QUESTION: How many of YOU recognized the ECG format used for the 1st tracing shown above in this case? Please TAKE another LOOK (Figure-1):

  • This was the 1st ECG recorded following ROSC after a long course of ACLS. We are told that this ECG was originally recorded at 50 mm/sec speed — but had been converted to 25 mm/sec. But — WHAT about the limb lead arrangement?


Figure-1: The initial ECG shown above in today’s case (See text).



POINT #1: The ECG shown in Figure-1 has been recorded using the Cabrera Format. Electrocardiography is an international tool. While a standard ECG format (with no more than minor variation) is used throughout the United States — variations in format are used in some other countries.

  • A number of ECG parameters may vary in these other ECG formats.
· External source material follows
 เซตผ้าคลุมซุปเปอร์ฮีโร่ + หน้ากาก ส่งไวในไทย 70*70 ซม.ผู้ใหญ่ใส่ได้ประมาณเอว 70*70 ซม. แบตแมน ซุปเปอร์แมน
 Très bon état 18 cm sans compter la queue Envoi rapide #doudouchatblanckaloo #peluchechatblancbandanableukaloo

These most commonly include the speed of recording (ie, use of 50 mm/second — instead of the standard 25 mm/second speed used in the U.S. and — the sequence of the limb lead display (which is different in the Cabrera format — as shown in Figure-1).
  • Because we become accustomed to whatever ECG format is used in the country in which we practice — other ECG formats may be unfamiliar to us. As a result — the limb lead layout for the ECG shown in Figure-1 may have seemed strange when you first saw the initial ECG in today’s case. This is because the 1st limb lead displayed in Figure-1 is lead aVL  and, an aVR display occurs between leads I and II.


The Cabrera Format:

Initial description of the sequential limb lead format shown in Figure-1 was made by Fumagalli in 1949. Despite this — credit for this format is attributed to Cabrera. The Cabrera system has been in routine use in Sweden since 1977. A number of other countries also use the Cabrera format (ie, witness today’s case, contributed by Dr. Nossen from Norway). There are 2 Modifications in the Cabrera Format compared to the standard format used in the United States and in many (most) other countries: i) A recording speed of 50 mm/second is used in the Cabrera format; andii) A different limb lead sequence is used.
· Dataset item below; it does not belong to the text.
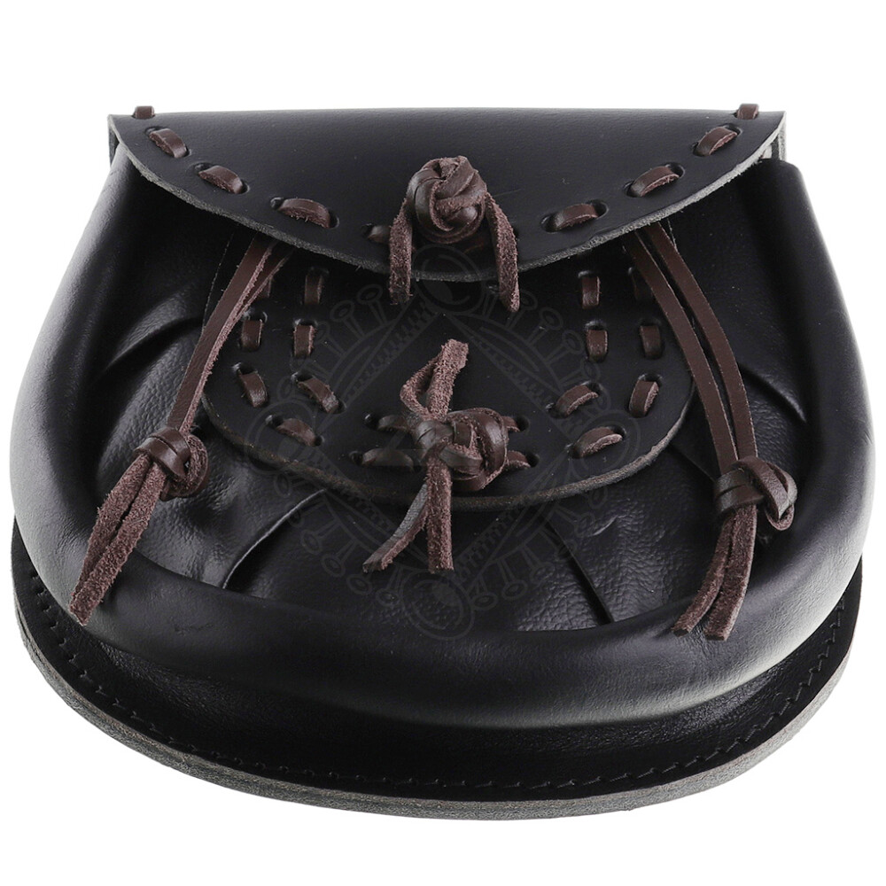 Kožená opasková brašna ve stylu sporranu, zdobená proplétáním

  • As I “confessed” in the September 26, 2018 post of Dr. Smith’s ECG Blog — my brain is “programmed” to interpreting 12-lead ECGs and rhythm strips at the 25 mm/second speed that is standard in the United States. After 4+ decades of interpreting tens of thousands of tracings — there is an instant (automatic) process of “pattern recognition” that I find takes place in my brain, even before I begin systematic interpretation of any given tracing. This process is invalidated by the unfamiliar appearance of different-sized complexes that are produced when a 50 mm/second recording speed is used.
  • POINT #2: Other countries (such as Germany) often use a 50 mm/second recording speed. Usually it will be obvious on sight when a 50 mm/second speed has been used — but sometimes it won’t be. This is especially true when assessing narrow QRS rhythms for heart rate (ie, a narrow QRS rhythm may appear widened and excessively slow if you fail to recognize a 50 mm/second recording speed). Therefore — it’s important to be aware of the recording speed (and to clarify if the tracing you are interpreting is from a foreign country — especially if the recording speed isn’t marked at the bottom of the ECG).


The Altered Limb Lead Sequence in the Cabrera Format:

The insert in the lower right-hand portion of Figure-2 shows the rationale for the altered limb lead sequence in the Cabrera format.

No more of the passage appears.